**The task**
For the material below, return exactly the lines starting at the one holding "The September 9, 1902" and ending at the one holding "Förvaringslådan är specialdesignad", counting both as part of the range.

**Supplied entries**
· · · · ·

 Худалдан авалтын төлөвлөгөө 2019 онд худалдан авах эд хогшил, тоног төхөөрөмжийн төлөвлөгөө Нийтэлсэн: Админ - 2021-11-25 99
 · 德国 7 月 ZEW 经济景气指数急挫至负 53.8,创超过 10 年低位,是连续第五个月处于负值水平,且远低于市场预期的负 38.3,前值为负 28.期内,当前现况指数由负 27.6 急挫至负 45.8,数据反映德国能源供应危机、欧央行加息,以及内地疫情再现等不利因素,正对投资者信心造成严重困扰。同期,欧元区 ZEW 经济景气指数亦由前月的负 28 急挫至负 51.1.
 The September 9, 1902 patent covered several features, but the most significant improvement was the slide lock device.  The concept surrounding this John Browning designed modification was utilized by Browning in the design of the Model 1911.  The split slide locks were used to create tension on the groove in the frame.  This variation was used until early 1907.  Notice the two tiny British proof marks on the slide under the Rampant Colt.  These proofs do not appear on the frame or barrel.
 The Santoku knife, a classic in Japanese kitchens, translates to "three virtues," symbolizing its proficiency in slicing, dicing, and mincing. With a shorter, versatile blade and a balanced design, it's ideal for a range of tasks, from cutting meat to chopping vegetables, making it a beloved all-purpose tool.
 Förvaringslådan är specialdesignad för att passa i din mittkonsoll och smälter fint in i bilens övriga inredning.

· · · · ·

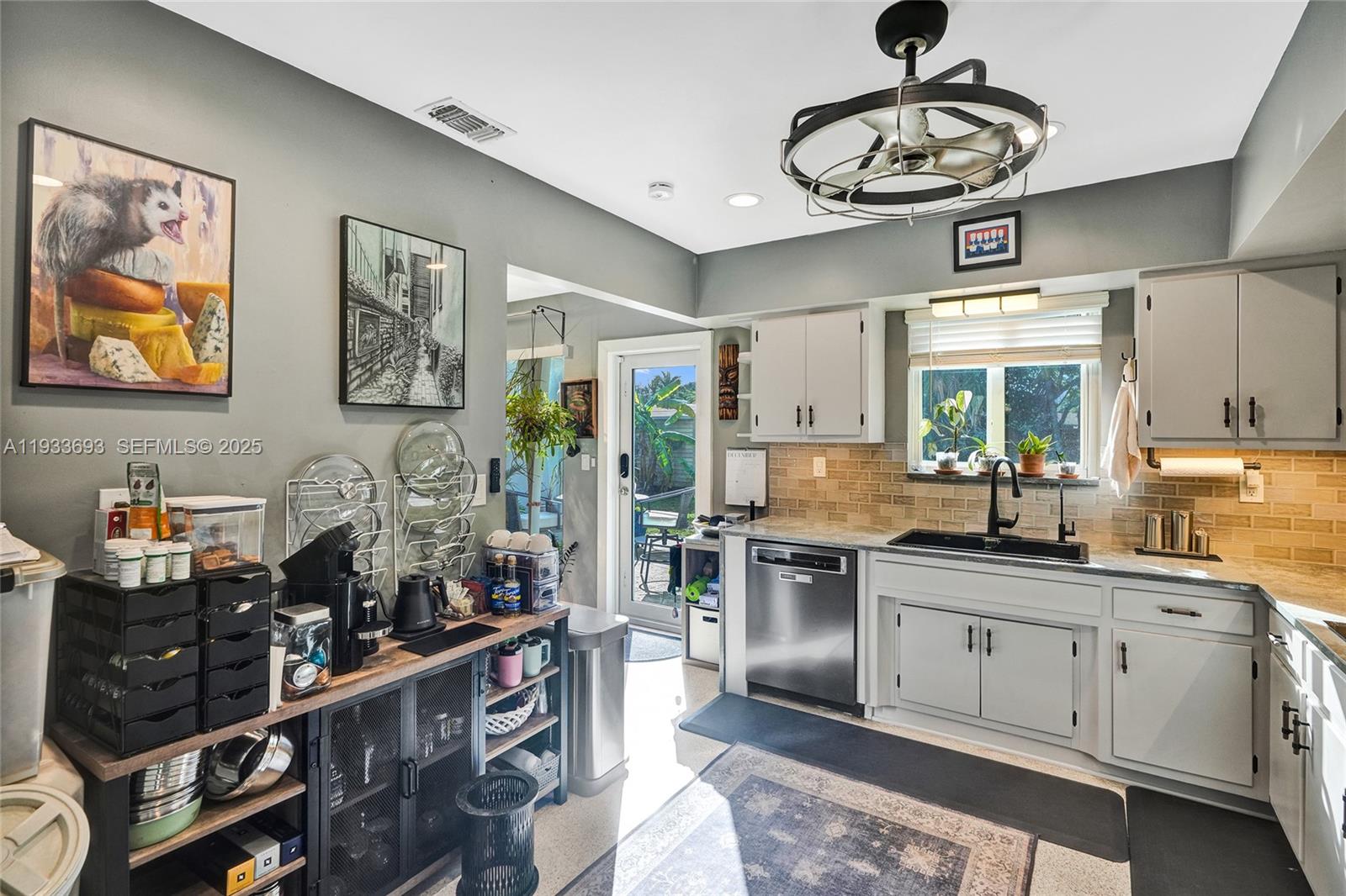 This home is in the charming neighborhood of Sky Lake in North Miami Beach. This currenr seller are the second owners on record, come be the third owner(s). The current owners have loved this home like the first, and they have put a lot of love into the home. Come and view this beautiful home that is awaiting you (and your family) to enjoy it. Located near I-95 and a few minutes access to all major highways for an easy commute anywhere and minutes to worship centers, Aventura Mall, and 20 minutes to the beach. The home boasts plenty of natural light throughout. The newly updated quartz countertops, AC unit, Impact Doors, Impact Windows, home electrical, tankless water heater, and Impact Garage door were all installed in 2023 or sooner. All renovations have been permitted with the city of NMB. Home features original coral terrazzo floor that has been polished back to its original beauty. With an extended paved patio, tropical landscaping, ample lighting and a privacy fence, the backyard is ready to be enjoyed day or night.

· · · · ·

**Completed exercise**
 The September 9, 1902 patent covered several features, but the most significant improvement was the slide lock device.  The concept surrounding this John Browning designed modification was utilized by Browning in the design of the Model 1911.  The split slide locks were used to create tension on the groove in the frame.  This variation was used until early 1907.  Notice the two tiny British proof marks on the slide under the Rampant Colt.  These proofs do not appear on the frame or barrel.
 The Santoku knife, a classic in Japanese kitchens, translates to "three virtues," symbolizing its proficiency in slicing, dicing, and mincing. With a shorter, versatile blade and a balanced design, it's ideal for a range of tasks, from cutting meat to chopping vegetables, making it a beloved all-purpose tool.
 Förvaringslådan är specialdesignad för att passa i din mittkonsoll och smälter fint in i bilens övriga inredning.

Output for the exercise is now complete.